Тем, кто давно участвует в совместном брачном преступлении, вовсе не обязательно слушать друг друга. Достаточно соблюдать приличия и не созывать злых духов домашнего очага, всех этих ларов и лемуров, охраняющих наших мертвецов. Поняв, что я не внемлю его намекам, Платон ушел. Я зримо представляла, как он медлительно, с недовольством опять садится к телевизору. Каждое его движение я могла угадать заранее. Он был мне противен, как заигранная мелодия.

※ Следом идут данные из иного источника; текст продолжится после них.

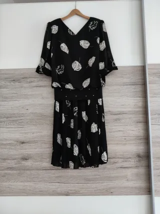 Elegante abito con stampa a foglie. - Fantasia foglie bianche su fondo nero. - Design a due pezzi con top e gonna plissettata. - Dettaglio perline in vita.
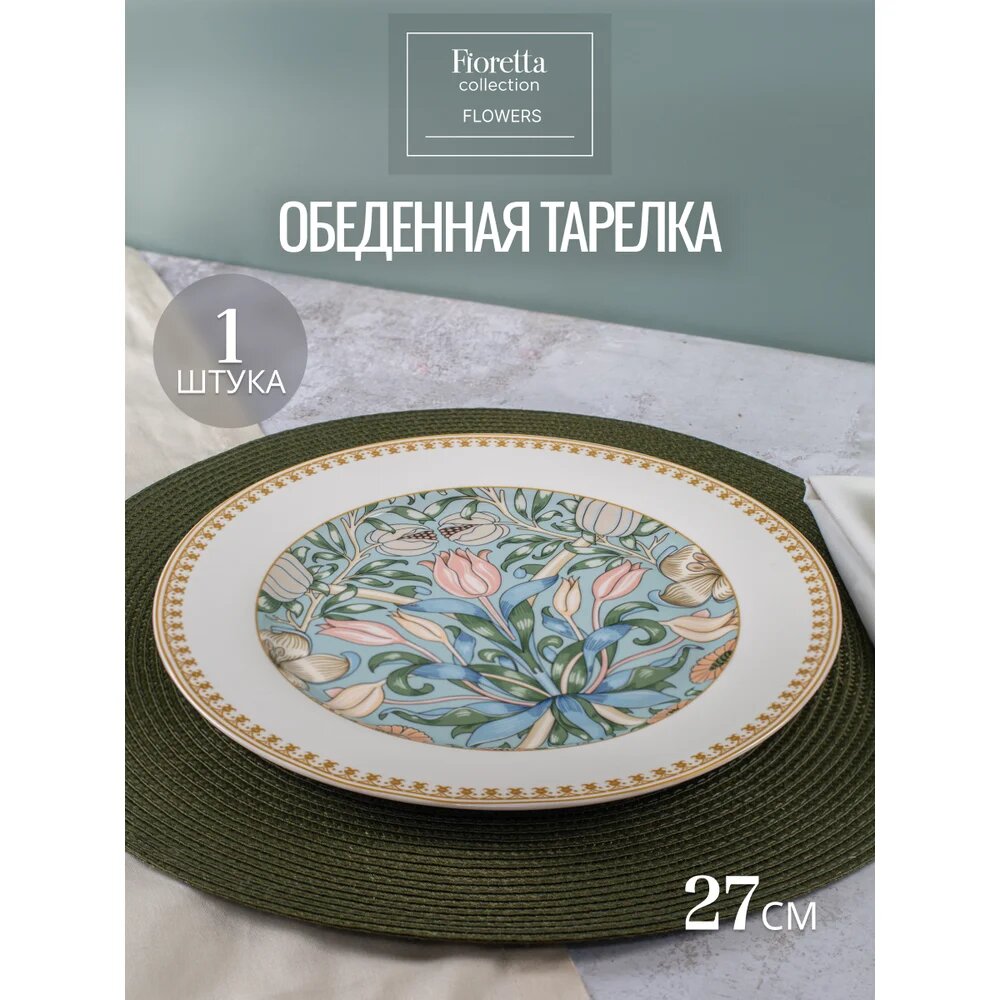 FIORETTA Тарелка обеденная FLOWERS 27см TDP580: сравнение цен, характеристики, фото, актуальное наличие и цены.

Спать мы легли в обычное время. Дверь в нашу спальню плотно затворилась, и мы остались наедине со своей нечистой совестью, - одной на двоих, как и наша супружеская кровать. Немного покряхтев, он заговорил:
- Этот человек, телемастер, очень мне не понравился. Я с ним даже поругался, удивив Ахилла своей горячностью. Со мной, ты ведь знаешь, это редко бывает. Но это очень неприятный человек. Безграмотен, ленив, но самоуверен и требователен.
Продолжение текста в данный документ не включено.